IMPUGNAZIONE A MEZZO COPIA SCANSIONATA: I RISCHI SULLA DECADENZA
Il Tribunale di Napoli Nord, Sezione lavoro, con la sentenza n. 600 del 10 febbraio 2025 ha affermato che l’invio tramite pec di una copia scansionata di un atto di impugnazione del licenziamento, che sia priva dei requisiti necessari affinché l’efficacia delle copie informatiche di documenti analogici sia la medesima dell’originale cartaceo, è da considerarsi non idoneo a impedire la decadenza del termine per l’impugnazione del licenziamento.
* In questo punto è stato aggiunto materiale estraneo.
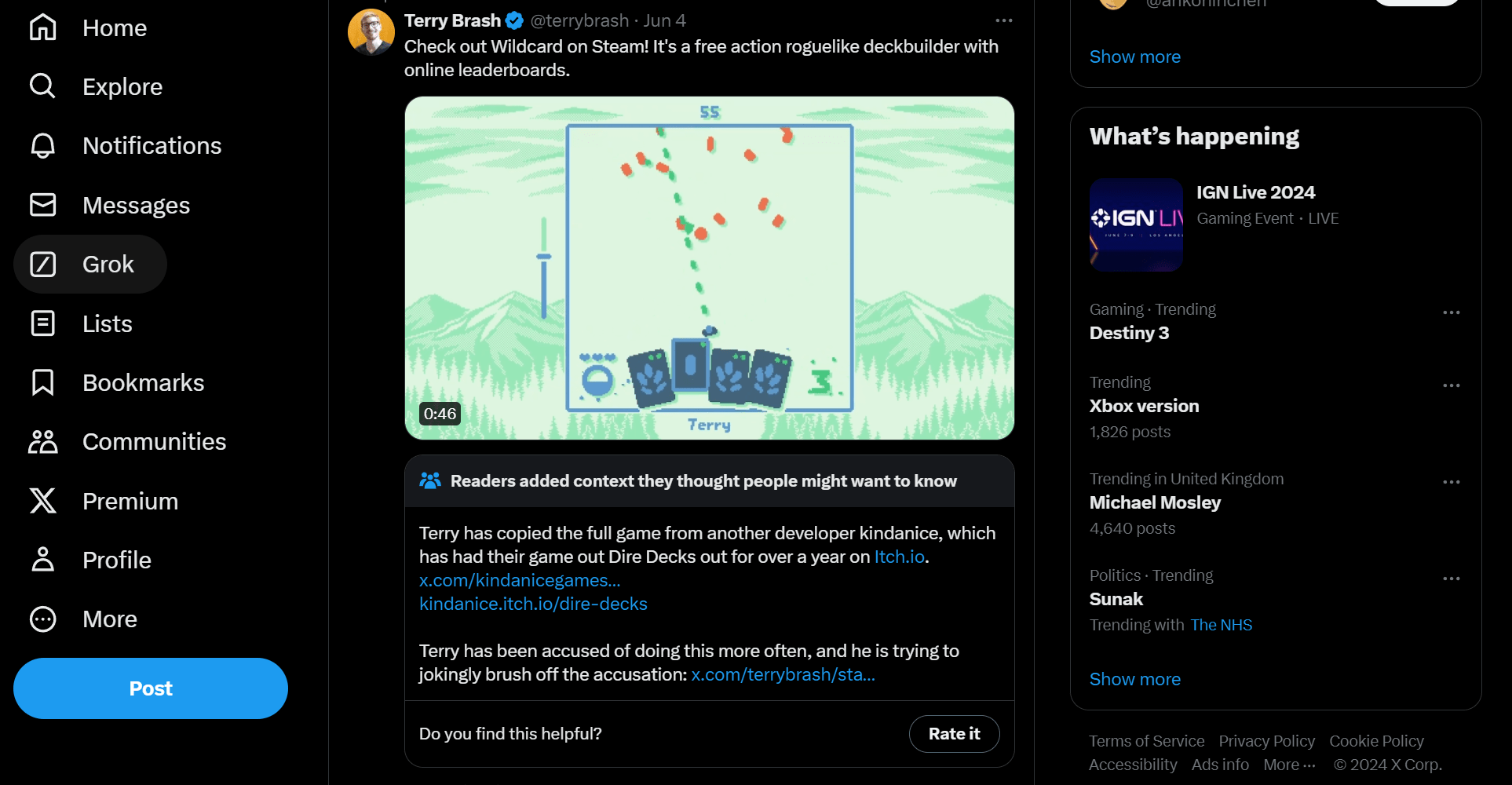 尽管根据社交媒体上的评论,通配符仍在 Steam 上,但已经有几个人在 Valve 平台上对其进行了标记。我还看到人们评论轰炸《小小幸存者》,TwitterX 上的社区笔记功能也得到了很好的利用。
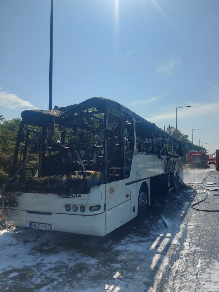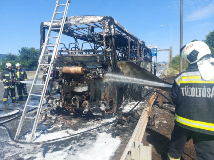 Ein Bus stand gestern nachmittag in Flammen auf dem gemeinsamen Abschnitt der Autobahnen M1-M7 in der Nähe von Budaörs ! Als die Feuerwehr am Unfallort eintraf, stand der Bus bereits vollständig in Flammen. Der Brand wurde von der Berufsfeuerwehr aus Törökbálint und der Hauptstadt mit Hilfe mehrerer Löschangriffe abgelöscht, die erhitzten Metallteile wurden abgekühlt und anschließend wurde das ausgebrannte Fahrzeug geborgen. Der betroffene Autobahnabschnitt war während der Löscharbeiten komplett gesperrt. Der Fahrer war die einzige Person im Bus. Er konnte das Fahrzeug rechtzeitig verlassen.
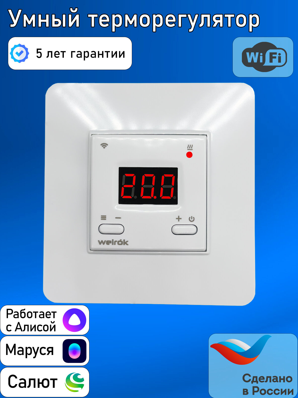 Купить Терморегулятор/термостат Welrok AZ умный для теплого пола с управлением через Wi-FI с доставкой по всей России.
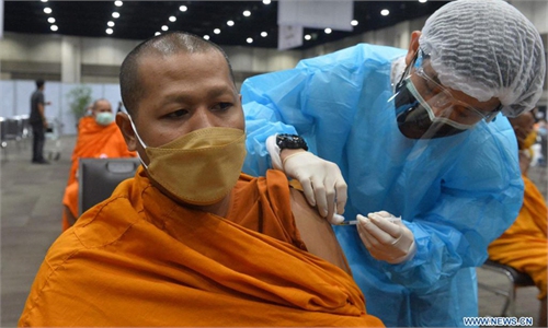 People wait before receiving doses of Sinovac's COVID-19 vaccine at the Narathiwat Hospital compound in the southern province of Narathiwat on Thursday. Thailand reported more than 20,000 new cases on Thursday, making the total infections up to 672,000. Photo: AFP
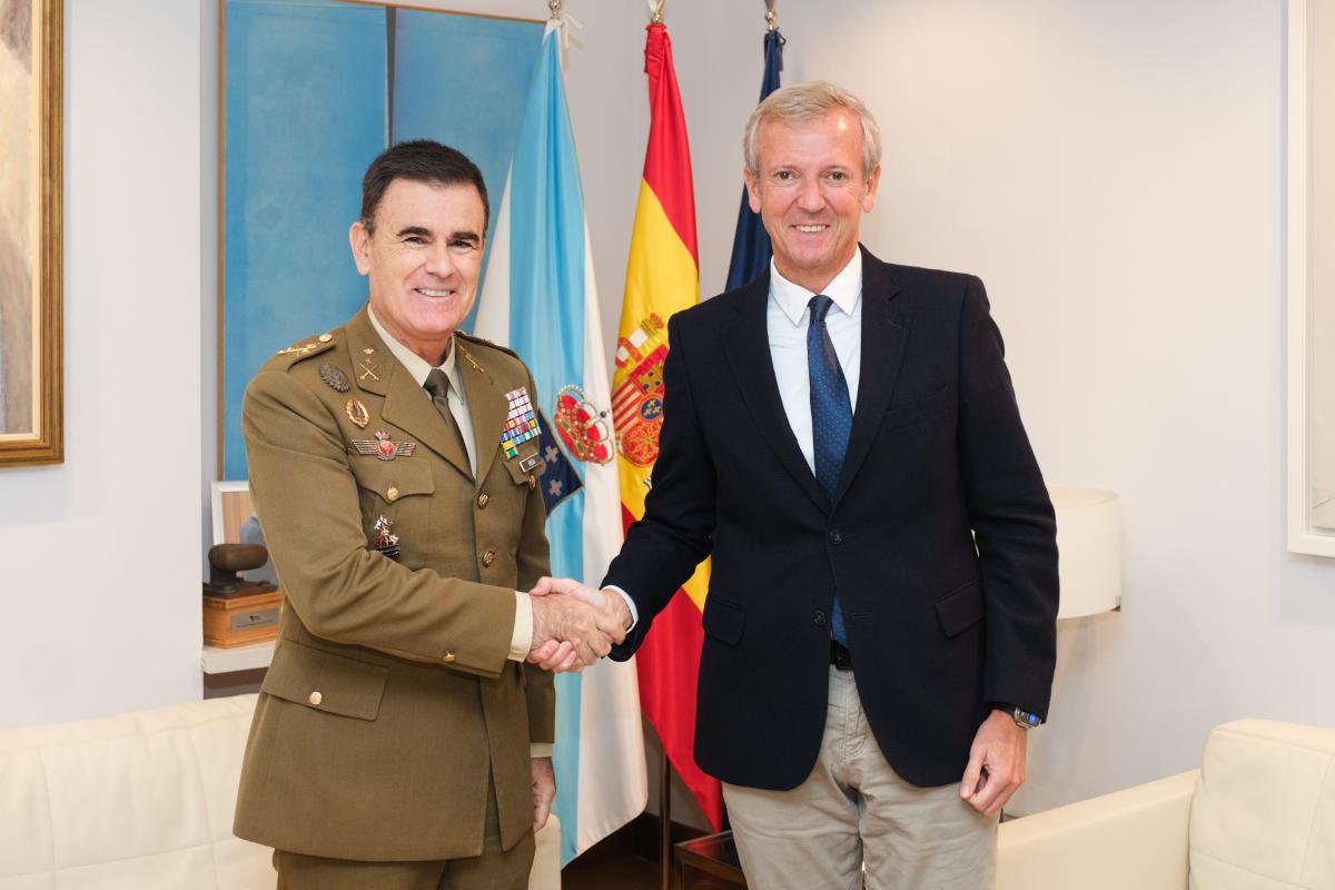 El presidente de la Xunta, Alfonso Rueda, recibió hoy al general jefe del Mando de Apoyo a la Maniobra, Raimundo Rodríguez Roca.
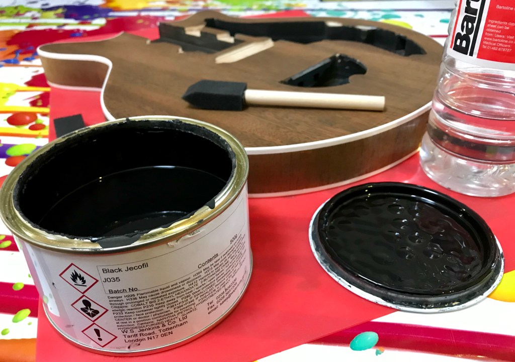 I filled any voids and made good the join between the veneer and the edge binding where necessary using Milliput white epoxy putty. This sets rock hard but has the advantage of being able to be wiped off with water during the workable phase. I masked off the join with 3M blue vinyl tape to obtain a sharp, well-defined edge. Some luthiers prefer to adhere the plastic edge binding by softening it with acetone (2-propanone) or using a binary mixture of acetone and dissolved plastic pieces as the adhesive formulation. Although I would not seek to dissuade anyone from using a system that they are accustomed to and works for them, my preference is to avoid using acetone other than as a general purpose solvent for the following reasons:

Secondo il ragionamento del Tribunale, considerato preliminarmente che (a) l’atto di impugnazione del licenziamento è recettizio, quindi deve giungere a conoscenza del datore di lavoro per produrre i suoi effetti e che (b) la giurisprudenza di legittimità è consolidata nell’affermare che il licenziamento può essere impugnato con qualsiasi atto in forma scritta purché idoneo a manifestare inequivocabilmente la volontà del lavoratore di contestare il licenziamento, è necessario che tale atto possa ricondursi con certezza al suo autore, quindi che la provenienza di quel documento sia accertata. Il Tribunale fa notare che, ai fini di tale accertamento, nel caso di specie non sono rispettati i requisiti che l’art. 22 del D. Lgs. 82/2005 e successive modificazioni prevede affinché le copie informatiche (come scansioni) di documenti analogici (come l’impugnazione di licenziamento cartacea) abbiano medesima efficacia dell’originale perché la scansione era priva di firma digitale e non accompagnata da alcuna attestazione di conformità né formata nel rispetto delle linee guida AGID. Pertanto, non è stato soddisfatto il requisito legale di forma richiesto per la validità dell’atto e il termine di decadenza per l’impugnazione è nel frattempo scaduto.
Constatando quindi che l’impugnativa di licenziamento formalmente valida non è stata effettuata entro i 60 giorni previsti dall’art. 6 della L. 604/1966, il Tribunale accoglie l’eccezione di decadenza avanzata dal datore di lavoro.